**EXERCISE REQUIREMENTS**
Begin at the line holding "Above: The CEO" and set down exactly each line through the last one below, omitting pictures. Include nothing else.

Stored data
______

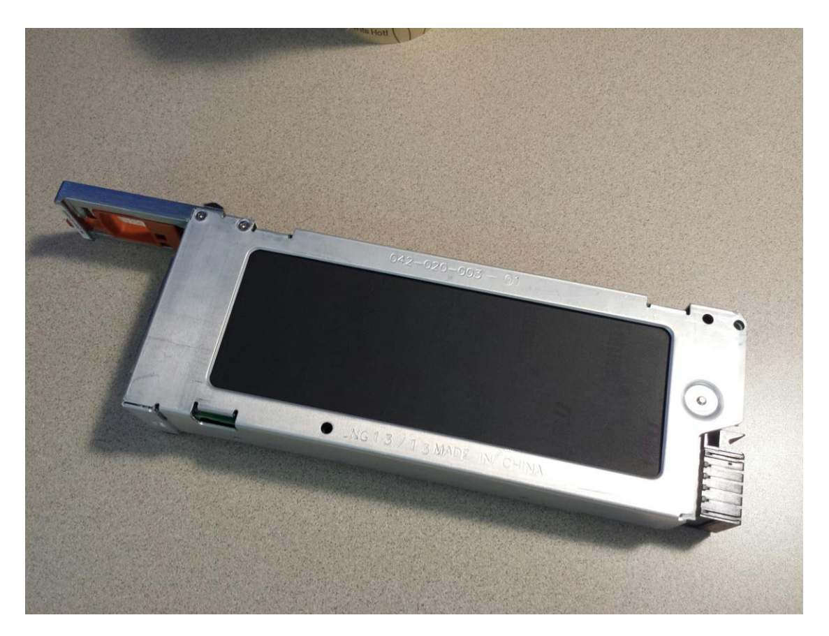
Figure 2 – Physical Boundary (Bottom)

No components are excluded from validation. The module encrypts and decrypts data using only a FIPS-approved mode of operation. It does not have any functional non-approved modes or bypass capability.
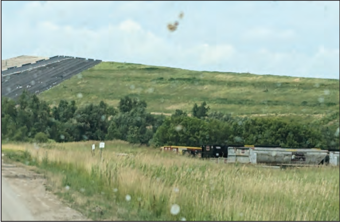
Clay cap complete, plastic being applied
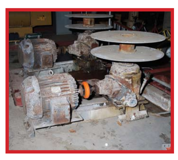
Typical motor, shaft and gearbox fan drive.

"I have always wanted to get rid of these gearboxes and all of the other moving parts," says Applegate. "Misalignment, excessive vibration and noise are all inherent problems with this system. With the high speeds, the gearboxes generate too much heat and the seals and bearings can have very short lives. There are just too many things that can go wrong."
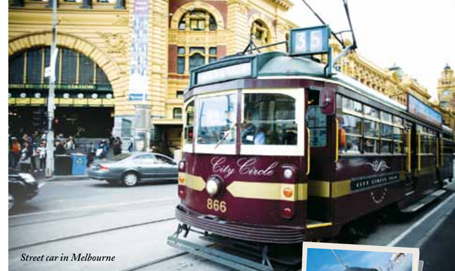
Street car in Melbourne

"We cruised along the south of Australia, stopping in Adelaide and Port Lincoln, where I joined one of the most memorable shore excursions I've ever done."
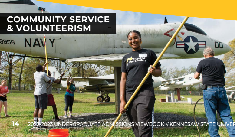
COMMUNITY SERVICE & VOLUNTEERISM
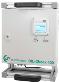
Carrying handle and stand
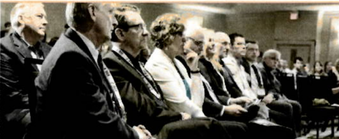
IBAM BOARD MEMBERS
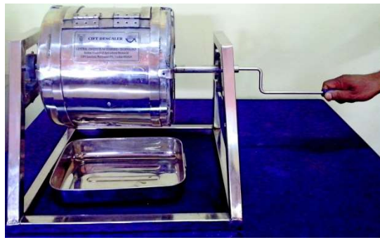
Fig.7 Fish descaling machine hand operated
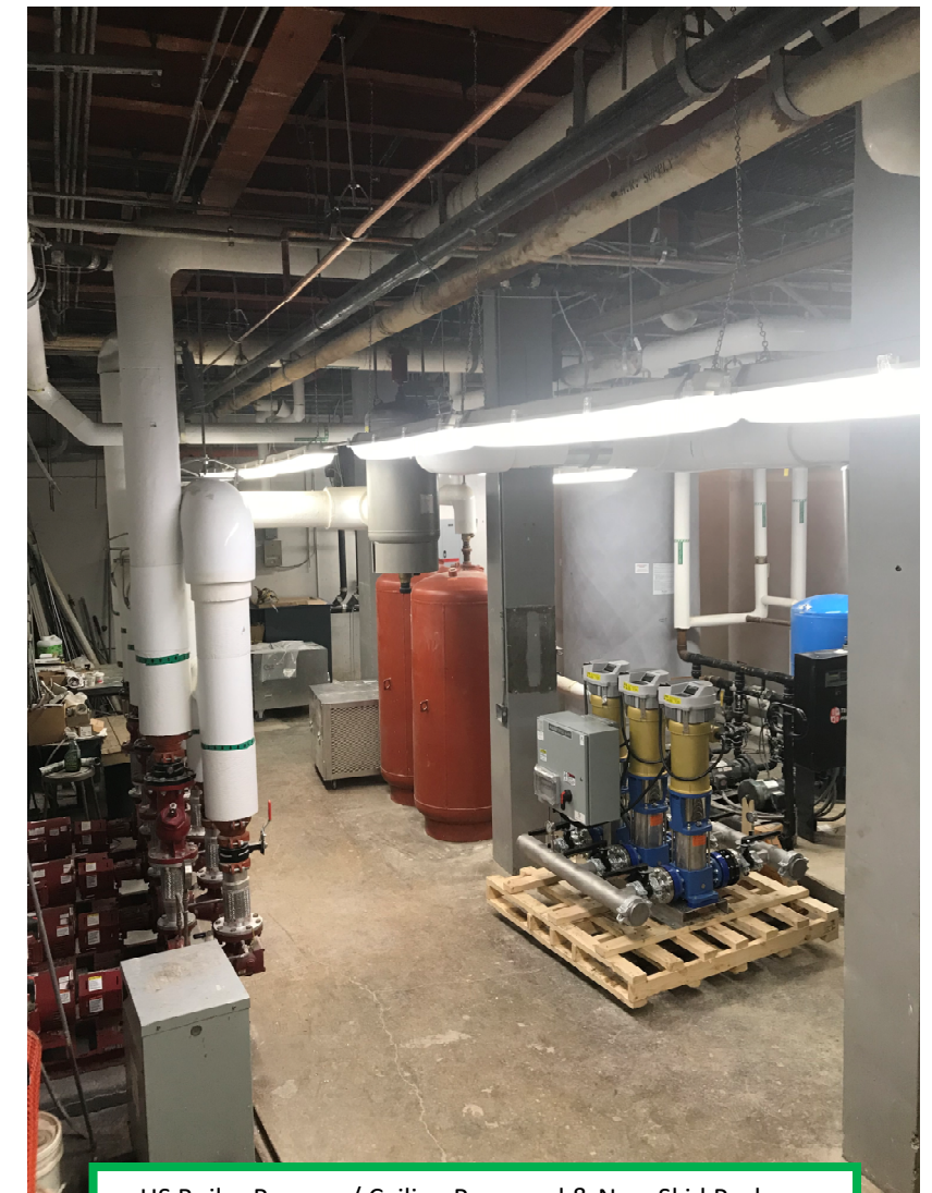
HS Boiler Room w/ Ceiling Removed & New Skid Package
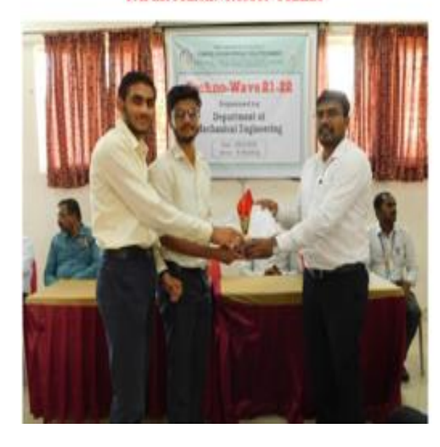
1<sup>st</sup> Prize: PAPER PRESENTATION- Student of GPP
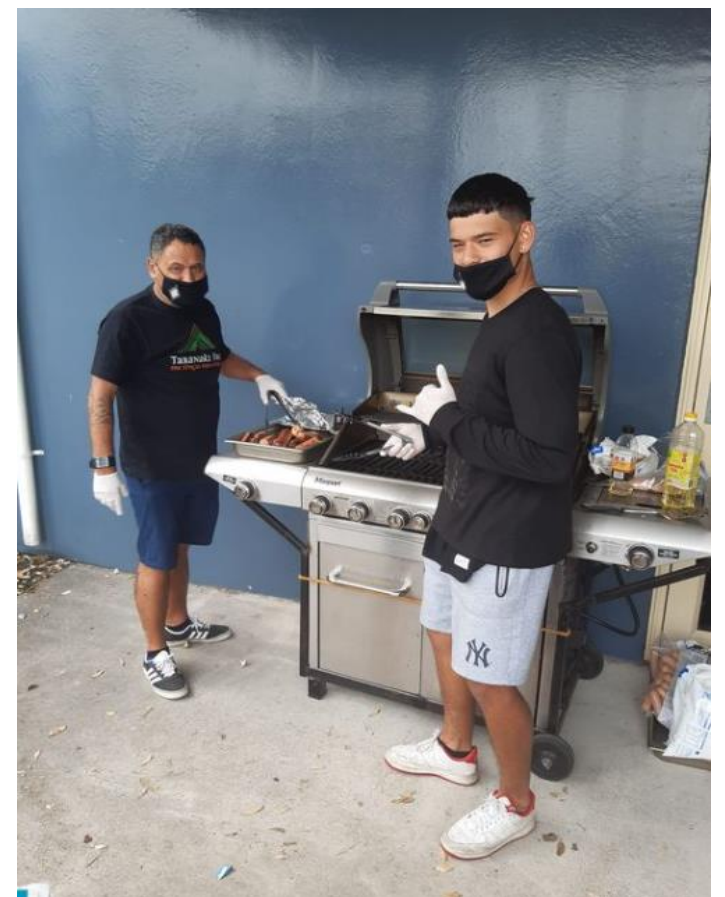
Above: The CEO of Tui Ora and his son keeping whānau well fed at one of Ngā iwi O Taranaki Collective's vaccination clinics held in Ōpunakē.
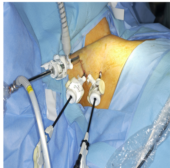
Figure 1 Operative view of ipsilateral axillary approach endoscopic thyroidectomy. Two trocars (5mm and 10mm) are inserted through axillary incisions. CO 2 gas is insufflated via one 10-mm trocar, and the 10-mm rigid endoscope is inserted via this trocar.

After the sternocleidomastoid muscle and the strap muscle had been identified, the medial border of the sternocleidomastoid muscle was dissected from the strap
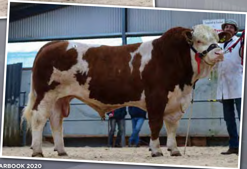
Clonagh Jungle Class €3000
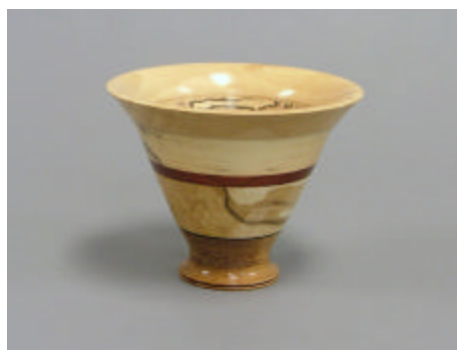
Bert Rau – Layered Bowl – Mixed Wood
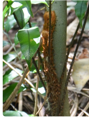
105 Lomariopsis marginata LOMARIOPSIDACEAE
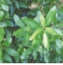
Myrsine - ( Rapanea punctata )
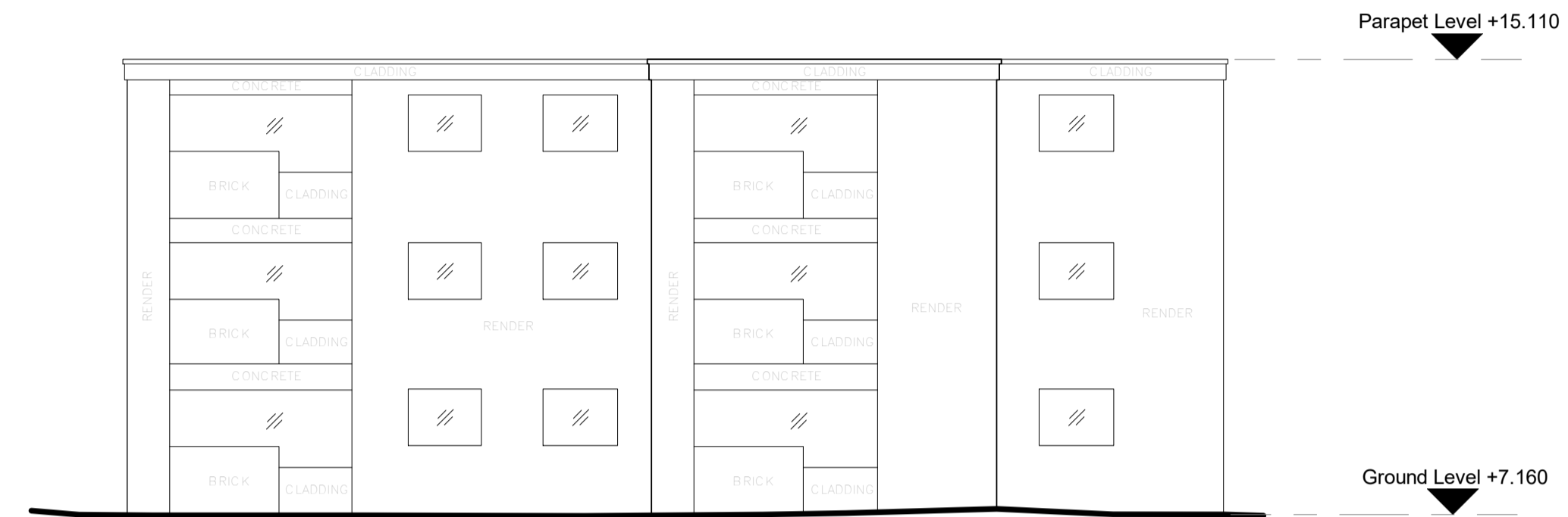
Hatch House - 77 South-West Elevation
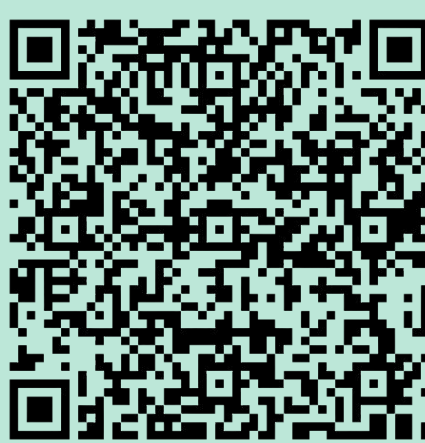
CDSS Child Care Programs
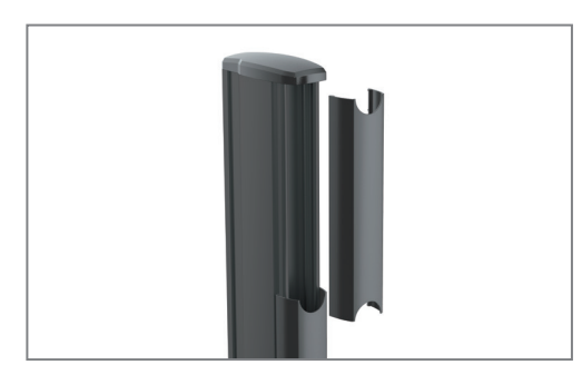
Hidden cable routing along the pillars

______

**EXERCISE SOLUTION**
Above: The CEO of Tui Ora and his son keeping whānau well fed at one of Ngā iwi O Taranaki Collective's vaccination clinics held in Ōpunakē.
Figure 1 Operative view of ipsilateral axillary approach endoscopic thyroidectomy. Two trocars (5mm and 10mm) are inserted through axillary incisions. CO 2 gas is insufflated via one 10-mm trocar, and the 10-mm rigid endoscope is inserted via this trocar.

After the sternocleidomastoid muscle and the strap muscle had been identified, the medial border of the sternocleidomastoid muscle was dissected from the strap
Clonagh Jungle Class €3000
Bert Rau – Layered Bowl – Mixed Wood
105 Lomariopsis marginata LOMARIOPSIDACEAE
Myrsine - ( Rapanea punctata )
Hatch House - 77 South-West Elevation
CDSS Child Care Programs
Hidden cable routing along the pillars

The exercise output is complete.